I might as well mention it now; it's been sleeper-public for a year or
two and it'll go a bit more public in a couple of months anyway.

I've been building an X interface library - something that sits in the
same place in the software stack as Xlib or xcb - based heavily around
callbacks.  One of the things it does is to eliminate the way Xlib uses
protocol values for all the API defines.  To quote a comment:

 * Ideally, I'd like to set things up so that (to pick an example)
 *  LX_WCLASS is the type of a window class, with values such as
 *  LX_WCLASS_InputOutput and LX_WCLASS_InputOnly, and we get strict
 *  typechecking from the compiler, so that passing a non-LX_WCLASS_*
 *  value as an LX_WCLASS argument produces a type mismatch error.  But
 *  I also want LX_WCLASS_InputOutput and LX_WCLASS_InputOnly to be
 *  compile-time constants, so they are suitable for use in switches.
 *
 * I have not come up with a way to get both.  The compromise I'm
 *  picking is to use compile-time constant values and back off to
 *  run-time typechecking, by using values such that (for example)
 *  LX_WCLASS_InputOutput does not equal LX_BACKINGSTORE_WhenMapped,
 *  even though they have the same representation in the protocol, so,
 *  while it won't be a compile-time error to pass
 *  LX_BACKINGSTORE_WhenMapped as a window class, it will be a run-time
 *  error.
 *
 * This is especially relevant for values that are a set of fixed
 *  alternatives or an X ID, such as the input focus window (which is a
 *  window ID or None or PointerRoot).
 *
 * We can pick values which are known to be disjoint from X IDs because
 *  X IDs never have any of the 0xe0000000 bits set.
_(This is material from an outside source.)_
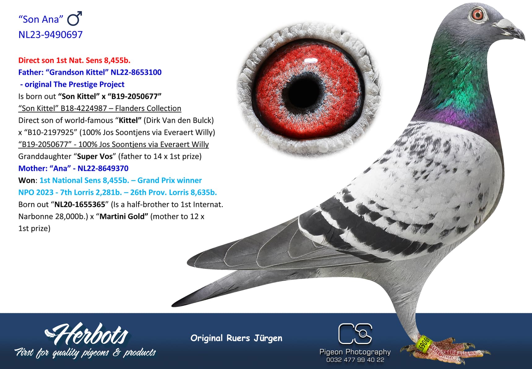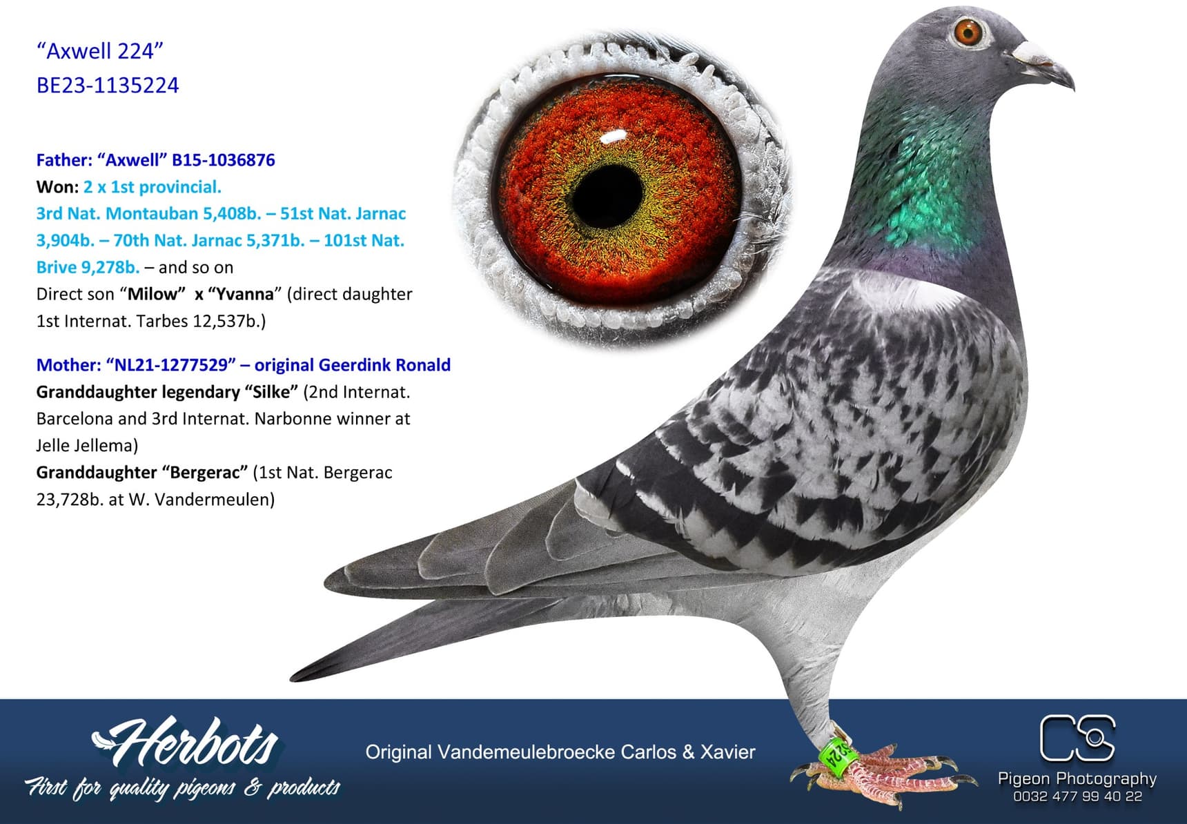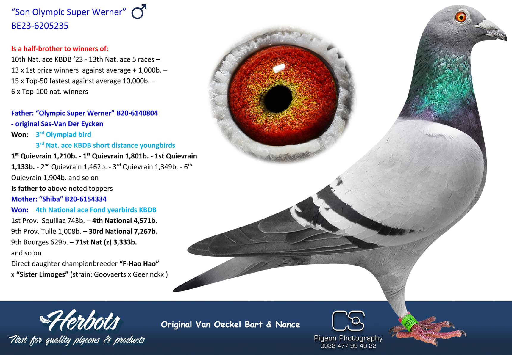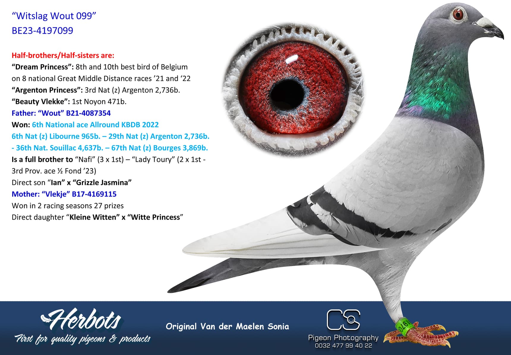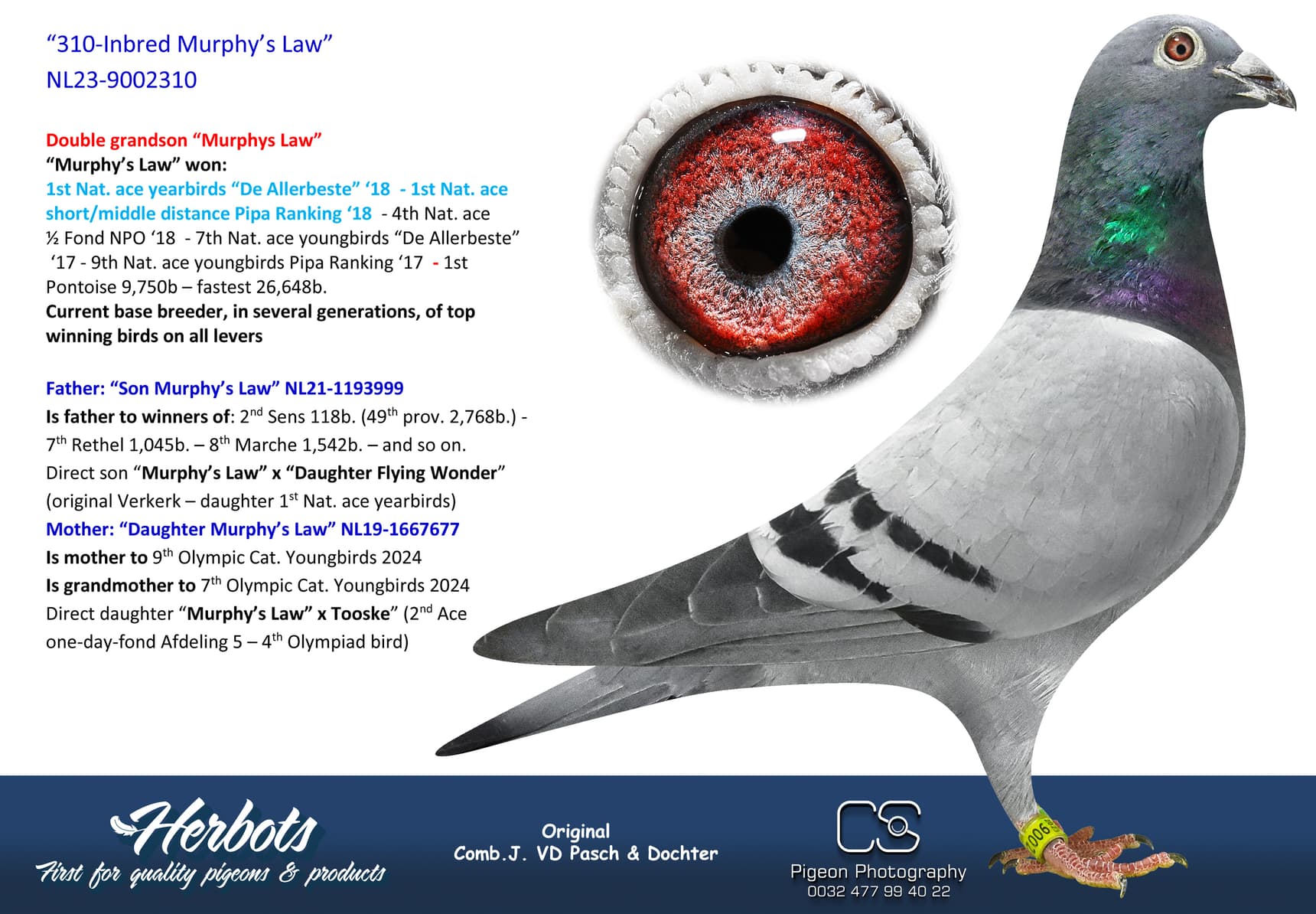 Direct daughter “Murphy’s Law” x Tooske” (2nd Ace one-day-fond Afdeling 5 – 4th Olympiad bird)

0x2000001a is LX_PIXMAP_None, which is the API value representing None
as a pixmap (as opposed to None as a window or None as a graphics
context or etc).  I obviously neglected to add code to map
LX_PIXMAP_None in the clip-mask setting to 0 on the wire (the protocol
spec says that None there is represented as 0), but the returned error
confused me because it was saying 0 was invalid, which it isn't; 0 is a
valid value for that field in the wire protocol.  It wasn't until I
snooped the wire protocol and saw it putting 2000001a on the wire that
I realized what I'd done wrong, then saw the 0 coming back in the error
event and realized what the server was doing wrong.

> I had to add #include <stdlib.h>,

Hm, yeah, I should write return(0) instead of exit(0) at the end.

> and I had to build with -lX11:

Well, sure; it's an X program.  (Admittedly, I probably should have
remarked on the need for -lX11.)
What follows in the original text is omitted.